Am heutigen Montag führte Präsident Recep Tayyip Erdoğan zum mittlerweile zweiten Mal seit seiner Wahl ins höchste Staatsamt im August 2014 den Vorsitz im Ministerrat. Das Treffen fand im Amtssitz des Präsidenten im Ak Saray statt. Üblicherweise leitet der Premierminister die Kabinettssitzungen.

Das Treffen begann um 11 Uhr, der stellvertretende Premierminister Bülent Arınç gab am Ende eine Pressekonferenz. Auf der Tagesordnung des Ministerratstreffens standen unter anderem der Friedensprozess mit der terroristischen PKK und der Wertverlust der türkischen Lira gegenüber dem US-Dollar.

Aus der Armee wohnten der Kommandant der türkischen Landstreitkräfte, Gen. Hulusi Akar, und der Kommandant der Luftwaffe, Gen. Akın Öztürk, der Kabinettssitzung bei. Ihre Aufgabe sollte es sein, die Minister und den Präsidenten über den Verlauf der grenzüberschreitenden Operation zu unterrichten, mithilfe derer die türkischen Streitkräfte (TSK) in Syrien den osmanischen Schrein des Süleyman Şah und die dort stationierten Soldaten aus einer ihrer Darstellung nach strategisch nachteiligen Position evakuieren konnten, sowie über Unfälle mit Militärflugzeugen, bei denen im Laufe der letzten beiden Wochen insgesamt sechs Menschen ums Leben gekommen waren.

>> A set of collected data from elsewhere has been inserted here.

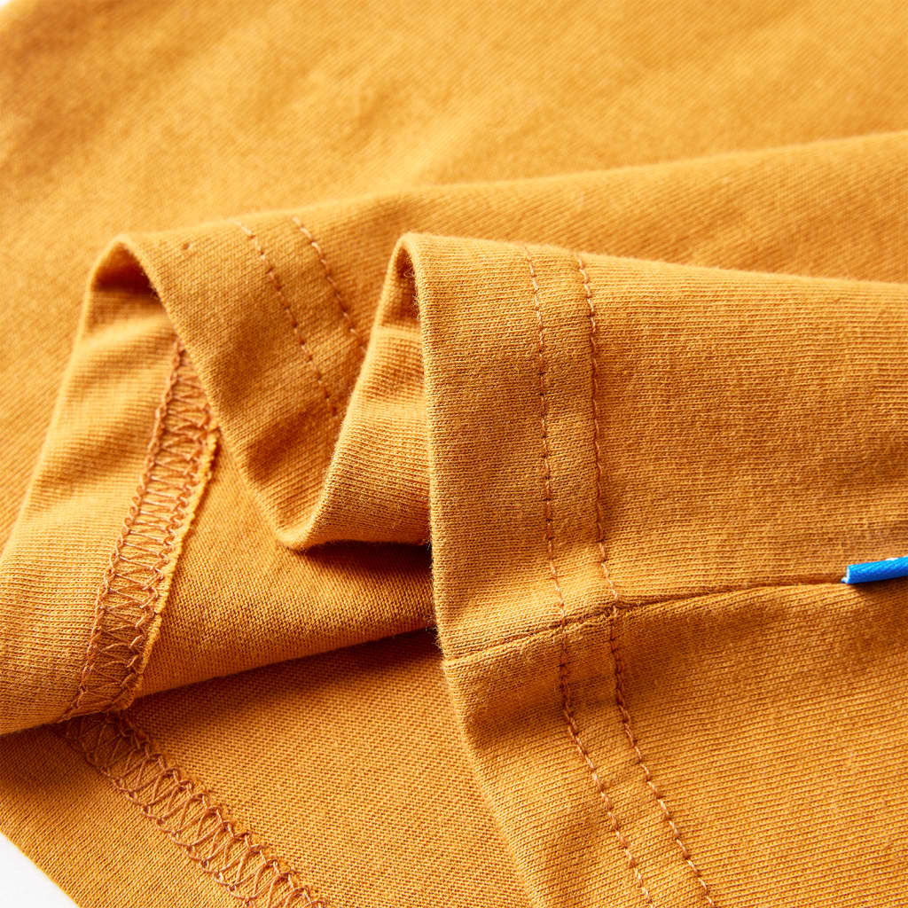 Αυτό το παιδικό μπλουζάκι έχει μακριά μανίκια, στρογγυλή λαιμόκοψη και ίσια εφαρμογή. Αυτό το μπλουζάκι σε χρώμα σκούρα ώχρα έχει σχέδιο με δεινόσαυρο. Το παιδικό μακρυμάνικο μπλουζάκι είναι κατασκευασμένο από 100% βαμβάκι που έχει υποστεί επεξεργασία με έκπλυση σε σιλικόνη και ένζυμα για να γίνει μαλακό και άνετο.
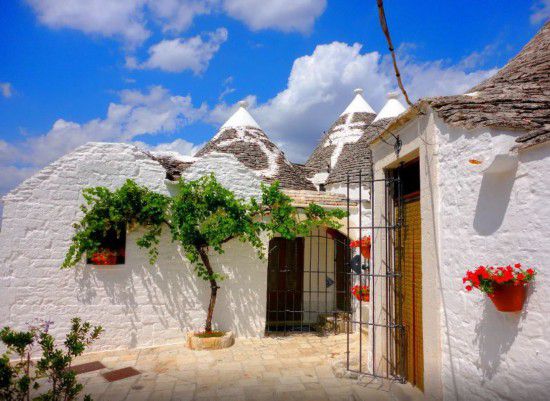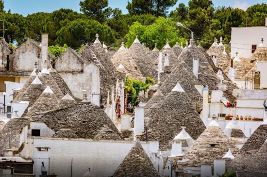 在阿尔贝罗贝洛,保存着上千座陶尔利民居,无柱无梁的圆形房舍,外墙被涂成白色,房顶用片状的岩石堆砌而成,非常有肌理感。这里举世无双的建筑风格吸引着无数的游客,错落有致、形似斗笠的屋顶,只一眼,便难忘。
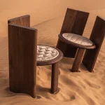 The stool from the Objects of Legacy collection by Jagdish Sutar features a unique three-legged design that offers dual seating arrangements with configurable changes, presenting a fresh perspective on comfort and making it a versatile piece. The elongated legs serve as both the backrest and armrest, providing a graceful seating experience from different angles.
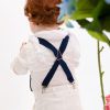 Αξεσουάρ είναι οι μπλε τιράντες , το λευκό καβούρι και το λευκό φουλάρι.
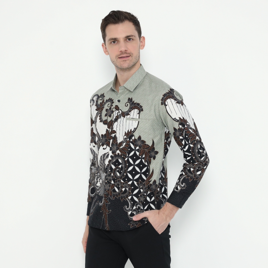 Batik Couple Atasan Batik Pria dan Wanita Abu OLR293
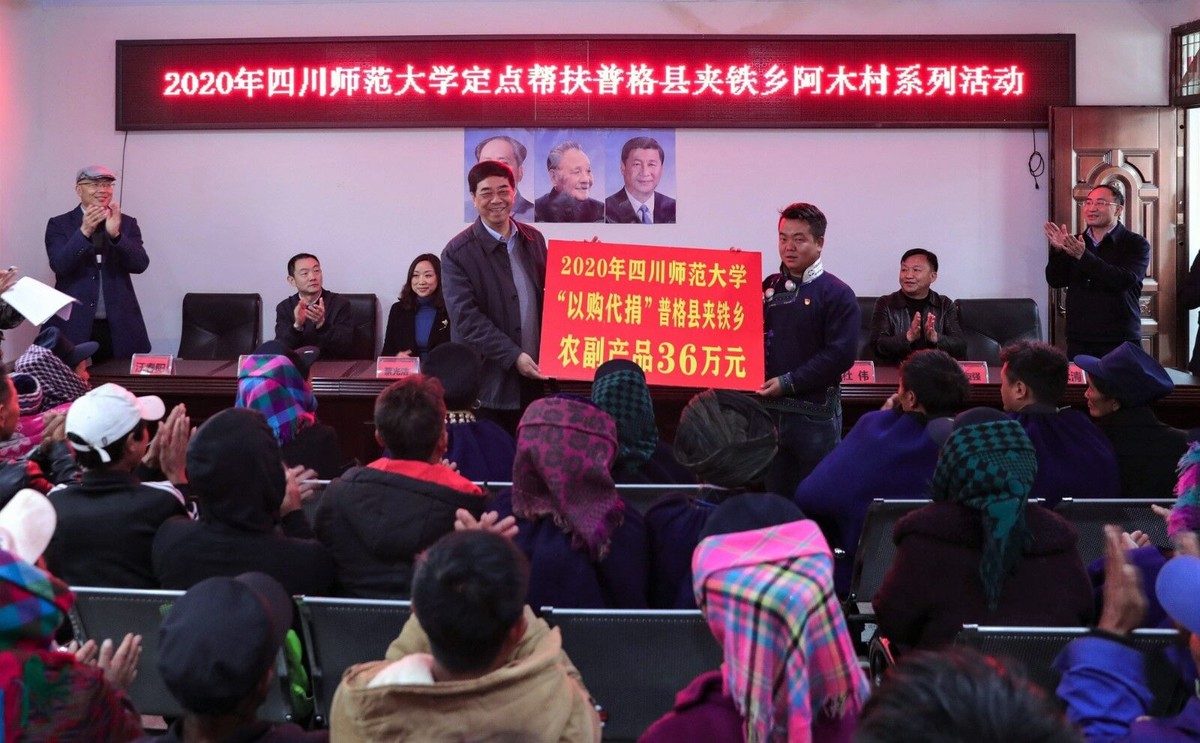 日前,四川师范大学党委书记李向成率队赴凉山州开展扶贫工作。四川师范大学按照“以购代捐”的方式,向普格县夹铁乡阿木村合作社购买了价值36万元的珍珠米、土蜂蜜、跑山鸡等优质农副产品,为农户打开销路,创收经济。还为该村捐赠25万元用以建设脱贫成效提升工程,助力提高阿木村的脱贫质量和老百姓的生活水平。
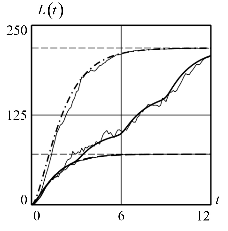 Рис. 4: Варианты стохастических траекторий и кривых математического ожидания роста объемов фактора производства L(t), построенных по результатам численных реализаций алгоритма (38) и численных решений задачи Коши (44), (36). Штриховая линия соответствует первому варианту, сплошная линия соответствует второму варианту, штрих – пунктирная линия соответствует третьему варианту.
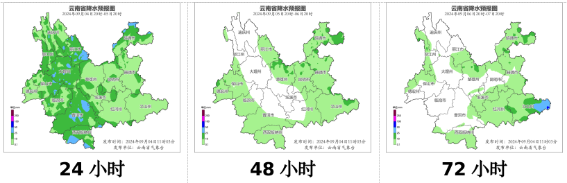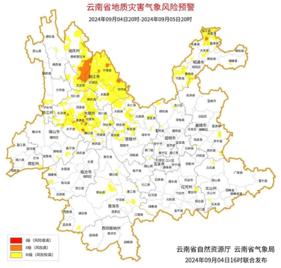 2024年09月04日20:00~09月05日20:00,昭通市永善县、盐津县、大关县,楚雄州大姚县,丽江市古城区、玉龙县、宁蒗县、华坪县,迪庆州香格里拉市,大理州大理市、漾濞县、云龙县、永平县、巍山县发生滑坡泥石流的风险高;昆明市北部、西部,玉溪市中部,昭通市北部、西南部,楚雄州北部,丽江市大部,迪庆州东部、中部,大理州大部,怒江州南部,保山市北部、东部,德宏州东南部,普洱市北部、南部,红河州南部,文山州北部、南部,曲靖市北部、南部发生滑坡泥石流的风险较高。(来源:云南气象)
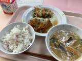 ☆献立☆ 豚キムチ丼 牛乳 もやしときゅうりのごま風味 にらたまスープ ぶどうゼ...
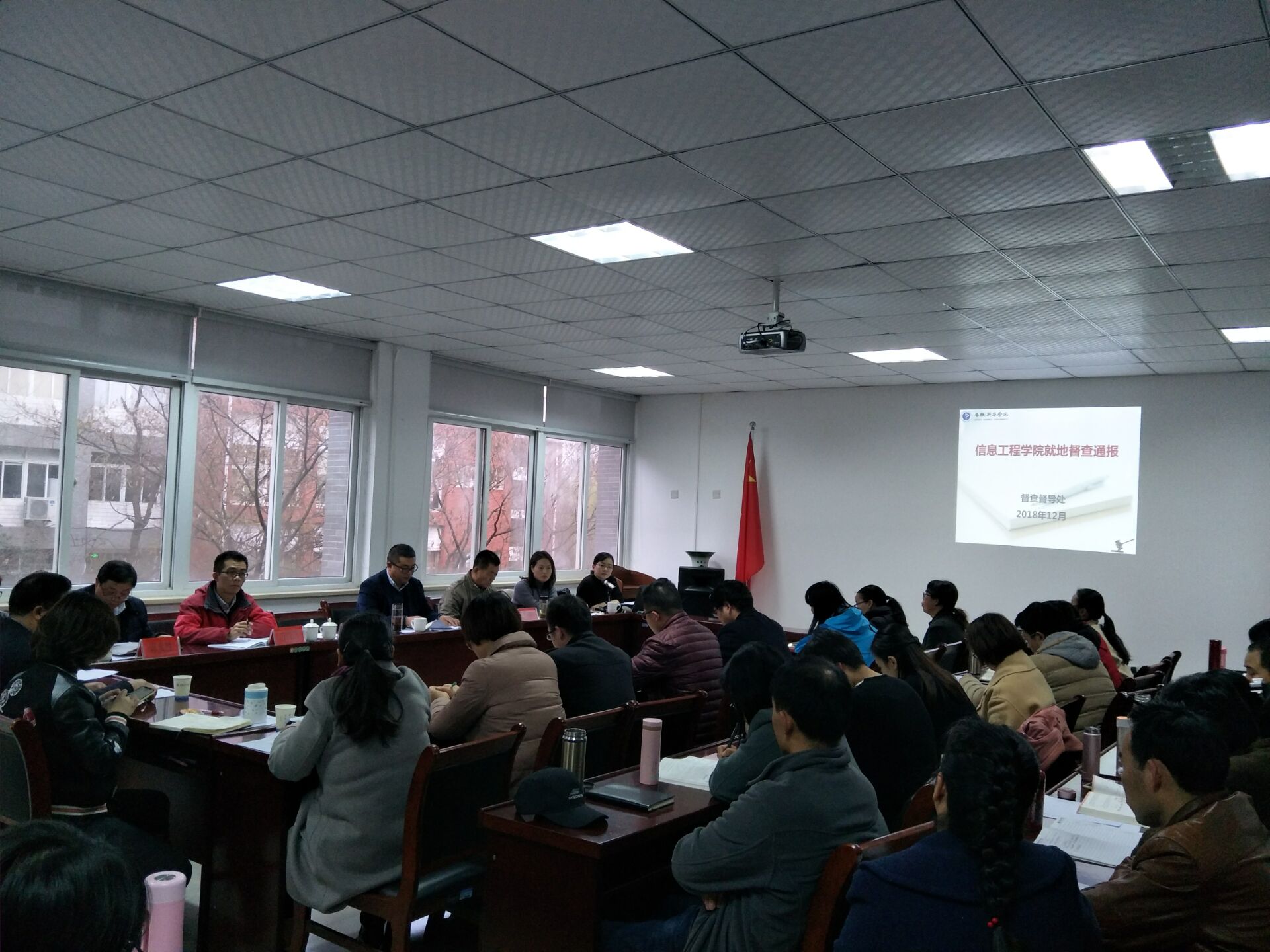 本网讯(通讯员:魏居娴)12月5日,beat365官网就地审计督察通报会在信息工程学院召开。副校长马琪、校长助理方纯洁、督察处长徐志凤、相关职能处室负责人、督察办相关工作人员以及信息工程学院全体教职工参加了会议,会议由信息工程学院执行院长贺行佳主持。
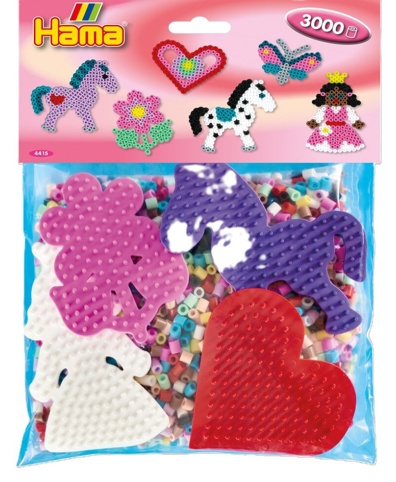 Dette komplette perlesæt indeholder ca. 3.000 blandede perler, 4 perleplader, motivark, vejledning og strygepapir. Du får dermed alt, du skal bruge til at lave flotte motiver i et sjovt tema med midi-perler og bagefter stryge og bevare de fine kreationer.

Ministerrat erstmals mit Bilgin, İpek und Öztürk

Erstmals bei einer Kabinettssitzung anwesend waren auch Feridun Bilgin, Minister für Verkehr, Schifffahrtswesen und Kommunikation, Justizminister Kenan İpek und Innenminister Sebahattin Öztürk, die am Wochenende die Posten der zurückgetretenen Minister Lütfi Elvan, Bekir Bozdağ und Efkan Ala übernommen hatten. Die Verfassung gebot es den drei Ministern, im Vorfeld der Parlamentswahlen, die im Juni stattfinden sollen, von ihren Ämtern zurückzutreten.

Präsident Erdoğan hatte erstmals am 19. Januar den Vorsitz eines Ministerrates geführt. Dieser Schritt galt zahlreichen Beobachtern als faktische Vorvollziehung des Präsidialsystems, das Erdoğan in der Türkei einführen möchte. Zwar räumt die Verfassung dem Staatspräsidenten grundsätzlich das Recht ein, Kabinettssitzungen zu leiten, von dieser Ermächtigung wurde bislang im Laufe der türkischen Geschichte jedoch kaum Gebrauch gemacht.

Präsidialsystem nur mit Zwei-Drittel-Mehrheit

Um das von Erdoğan gewünschte Präsidialsystem einführen zu können, müsste die regierende Adalet ve Kalkınma Partisi (Partei für Gerechtigkeit und Entwicklung; AKP) entweder mithilfe vom Stimmen aus der Opposition eine Zweidrittel-Mehrheit sicherstellen können oder am Juni eine eigene Mehrheit in dieser Größenordnung erlangen.

Als Recep Tayyip Erdoğan am 10. August 2014 als erster Präsident vom Volk direkt gewählt wurde, kündigte er bereits an, alle Befugnisse auszuschöpfen, die ihm die türkische Verfassung einräumt – auch dann, wenn seine Vorgänger diese nicht genutzt hätten. Bislang galt das Amt des Staatspräsidenten in der Türkei eher als symbolischer Posten mit reiner Repräsentationsfunktion; die tatsächliche Macht sollte beim Premierminister sowie beim Parlament liegen.

Erdoğan hingegen strebt ein „Präsidialsystem nach türkischer Art“ an – das jedoch anders als in den USA mit dem bestehenden Einkammersystem verbunden werden soll. Der Präsident verspricht sich von dieser Lösung bessere Regierbarkeit und schnellere Entscheidungsfindung durch die Eliminierung von Doppelläufigkeiten im Regierungssystem. Kritiker befürchten eine stärker autoritäre Prägung der türkischen Politik und eine Ein-Mann-Herrschaft.